On 5/30/19 4:17 PM, Gottlob Frege via Boost wrote:

> I'm going to say *most* classes have a throwing move operators.
> Why? Because most classes have a custom copy constructor (because
> people don't follow Rule of Zero like they should),
> and thus most classes don't have *any* move operations.
> So all the move operations are actually copy operations, and most of
> those classes have a string or vector or whatever, and can throw on
> copy.
> Now, having said that, none of those classes actually throw in "real
> life", because they only throw when memory is completely exhausted,
> and have probably crashed already.
> And on some systems that oversubscribe allocation, they don't throw at
> all, they just crash.
> Thus most move operators, whether they exist or not, don't really throw.

This rather illustrates my point. As it stands now we've got
std::variant, boost::variant and boost::variant2. And while we're at it
don't for get std::optional, boost::optional, boost::outcome,
std::expected? and ...?

I don't think there's an general expectation that any of these are going
to interoperate - but they might by accident.

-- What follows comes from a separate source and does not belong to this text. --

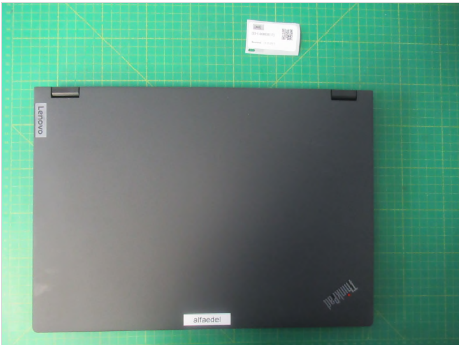
Photograph 10: AE 1

  So I need one of these - or maybe something very similar. As a user
I'm now tasked with a mini-research project to figure out which one I
want. OK, not too bad. But also which might be incompatible with the
types T I'm going to want to use. Or which might have a surprising
throw when I use them.

One approach is yours, carefully design the particular type of variant
with the features that we expect users will require. This will never
result in agreement and some compromise will have to be reached. And
this compromise will surely contain subtle points that the user will
need to research and understand in order to code which is clearly correct.

So I'm all for giving up. Encapsulate the debates/tradoffs into the
list of policy parameters and in type requirements for the type. So
effectively we'll have:

   variant_requirements_on_T<bool is_assignable, iscopyable,
is_moveable, is_no_throw, is_default_constructible, ...>, // list of
restrictions of behavior of the variant being created
   class T ... // list of types in the union
struct mother_of_all_variants {

This type would trap at compile time any attempts instantiate at type
which violates the specified requirements. This is what the user
actually needs in order to write a program that he can have confidence in.

And of course we'd have
template<class T>
using optional = mother_all_variants< ..., bool>

to avoid the necessity to do any actual thinking at all.

Aside - I'm not crazy about the naming "basic_variant" as I don't think
it does justice to the brilliance of the concept. But I recognize that
such naming is much in line with historical practice and users
expectations so I see the merit in "basic_variant".

Aside2 - can one imagine the satisfaction to be derived from knowing
that forever more, we won't be subject to any more arcane debates on
what behavior some variant class should support?